**Information given**
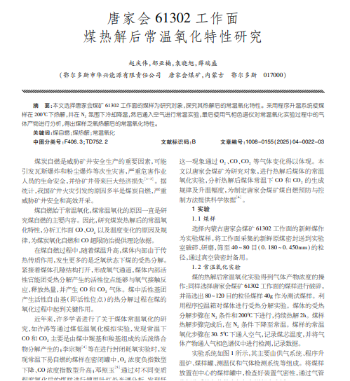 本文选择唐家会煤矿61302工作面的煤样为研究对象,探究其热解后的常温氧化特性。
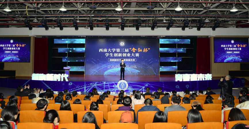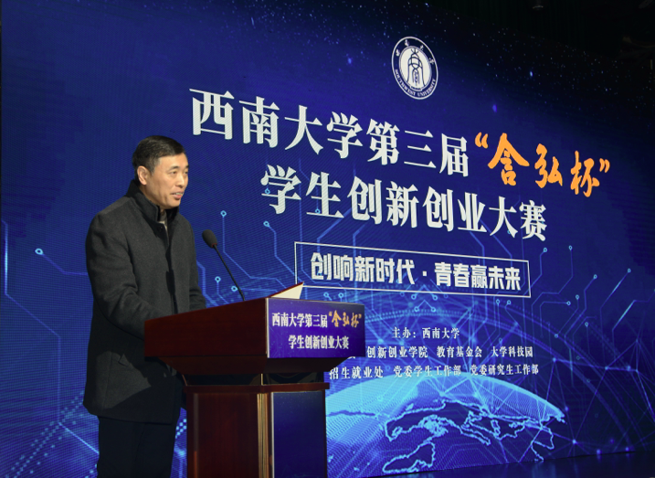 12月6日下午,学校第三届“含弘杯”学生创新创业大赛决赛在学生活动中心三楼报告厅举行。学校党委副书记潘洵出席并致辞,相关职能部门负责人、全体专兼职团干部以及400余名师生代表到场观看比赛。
==
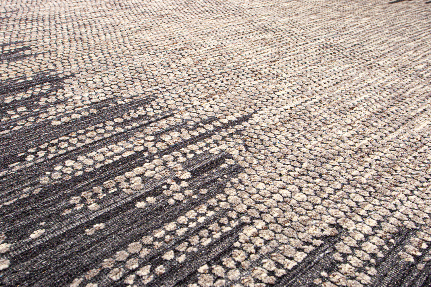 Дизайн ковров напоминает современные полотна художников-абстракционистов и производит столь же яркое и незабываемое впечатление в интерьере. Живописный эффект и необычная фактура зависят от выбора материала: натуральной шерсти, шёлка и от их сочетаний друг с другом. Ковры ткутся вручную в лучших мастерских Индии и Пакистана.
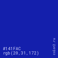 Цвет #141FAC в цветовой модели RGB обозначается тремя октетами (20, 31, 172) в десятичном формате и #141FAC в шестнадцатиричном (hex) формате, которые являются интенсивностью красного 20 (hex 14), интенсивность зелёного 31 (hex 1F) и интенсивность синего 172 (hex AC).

**Directions for this task**
Would you please reproduce the entries above, starting at the line with "Дизайн ковров напоминает" and stopping after the line with "Цвет #141FAC в"? Omit any pictures.

**Response to this exercise**
 Дизайн ковров напоминает современные полотна художников-абстракционистов и производит столь же яркое и незабываемое впечатление в интерьере. Живописный эффект и необычная фактура зависят от выбора материала: натуральной шерсти, шёлка и от их сочетаний друг с другом. Ковры ткутся вручную в лучших мастерских Индии и Пакистана.
 Цвет #141FAC в цветовой модели RGB обозначается тремя октетами (20, 31, 172) в десятичном формате и #141FAC в шестнадцатиричном (hex) формате, которые являются интенсивностью красного 20 (hex 14), интенсивность зелёного 31 (hex 1F) и интенсивность синего 172 (hex AC).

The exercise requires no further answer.